Although Sophie's Choice shows how much more polished (and more thoughtful too, perhaps) he has become as a writer, Styron's writing is beautiful, as are the characters and the story. This may not be a necessary read, and the beginning may be slow, but it was well worth my time.

Rating: 4 stars
Summary: Dark and beautiful
Review: Lie Down in Darkness is not a great book. But it is a very good one, and shows how William Styron, even in his youth was a talented and perceptive writer. This novel begins with the death of Peyton Loftis, and goes back in time to follow her childhood and coming of age, as well as her eventual marriage, until her death. We see these pictures through the alternating points of view mostly of her father and mother, but also of some other characters, and learn how her death was inextricably related to the slow attrition caused by stubborness, jealousy, and hate that tears apart her family. Darkness is everywhere in the novel, taking the form of guilt and personal failures that corrode the hearts of each character and make inevitable Peyton's tragic end. Indeed the predetermination is all the more evident, since we know from the very beginning that she has died.

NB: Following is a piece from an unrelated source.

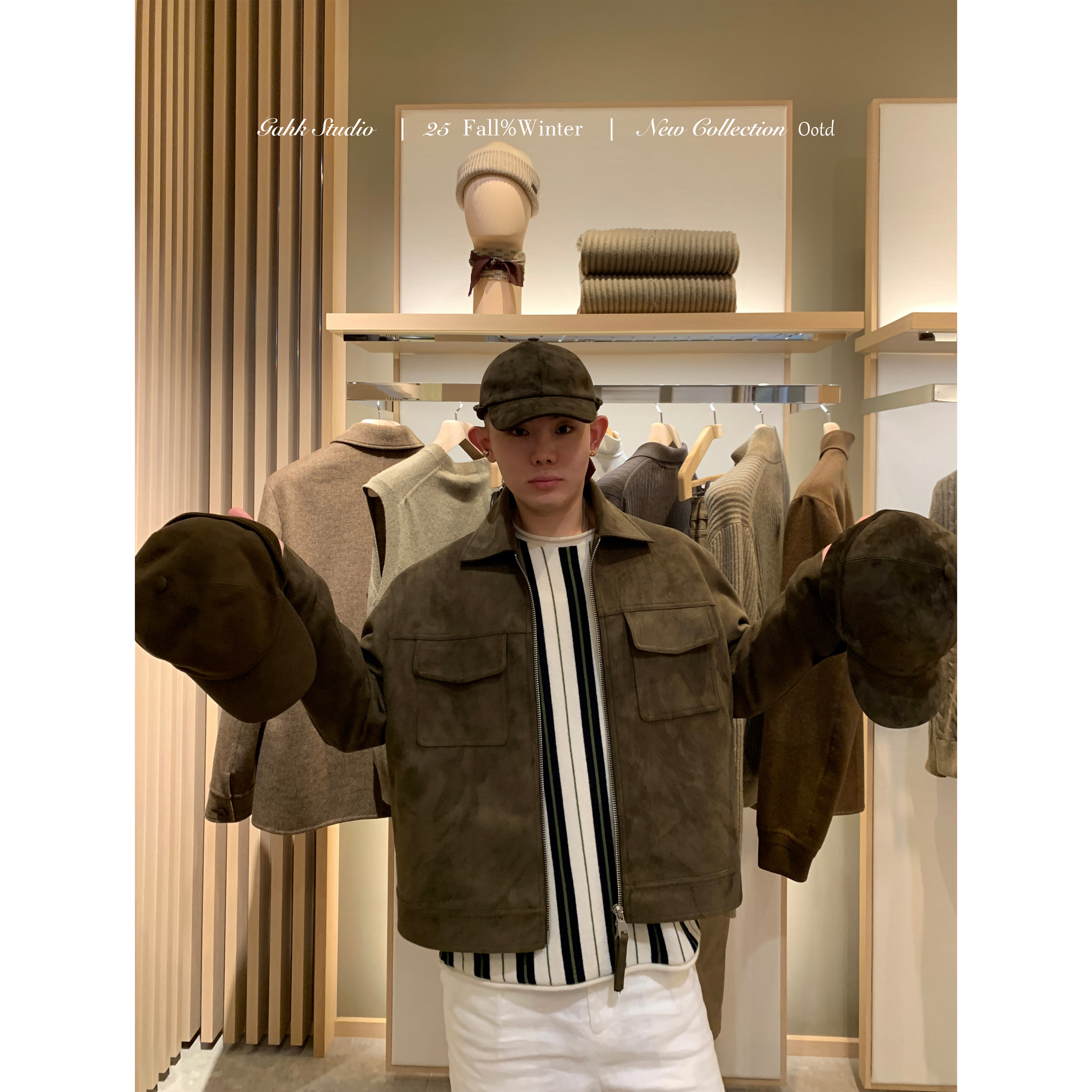GAHKSTUDIO「新贵小公子」私服L*P复古正肩修身短款环保麂皮夹克

Although Sophie's Choice shows how much more polished (and more thoughtful too, perhaps) he has become as a writer, Styron's writing is beautiful, as are the characters and the story. This may not be a necessary read, and the beginning may be slow, but it was well worth my time.

Rating: 5 stars
Summary: Lie Down In Darkness perfects Southern Gothic
Review: Lie Down In Darkness, Styron's first novel, published when he was just 22, is a masterpiece of psychological realism and storytelling in the Southern Gothic tradition of Faulkner, Eudora Welty, and Flannery O'Conner. That it was created by such a young mind is testament to the author's genius; that it has yet to be rivaled as a stirring, oftentimes painful and disturbing portrait of a doomed family, is testament to the writing. Composed with thick, purposeful prose, heavy on similie, metaphor and description, the novel charts the rise and fall of the Loftis Family, an archetypal rendering of the Soutnern Gentry. We follow the tragic downfall of Milton, the drunken patriarch, Ellen, the frigid mother, and the two Loftis daughters, one born perfect, one born crippled. It is a novel of abundant ontological truth, which will reach in and strangle the unconscious sensibilities of almost any reader, regardless of background or predispotition. The novel's beauty ranks with the prose of Lawrence, the passion of Rimbaud and Kundera, the depth and spiritual metaphysics of Doestoyevsky; It is both story and case study. And ultimately we are shepherded through tragedy after tragedy into the climax--the suicide of the immeasurably beautiful and desired Peyton Loftis--as we walk moment to moment with her, peering inside the poisoned stream of consciousness that overwhelms and eventually claims her. Lie Down In Darkness belongs in the canon of Great American Masterpieces. It's significance has only begun to be understood.

Rating: 5 stars
Summary: Beautiful, wrenching, impossible to put down.
Review: Never have I wanted to pound some sense into fictional characters as when I read William Styron's Lie Down in Darkness. The Loftiss family saga is sometimes hard to read because they hurt each other so easily and so often. But Styron's language is beautiful, and his understanding of the characters is deep. The account of Peyton's last day is especially heartbreaking and revealing. In short, this novel is one of my favorites simply because of its account of human frailty and the amazing way in which the story is told. Styron is one of the best.

Rating: 5 stars
Summary: masterful depiction of downward spiral
Review: One of my favorite books. True depiction of depression.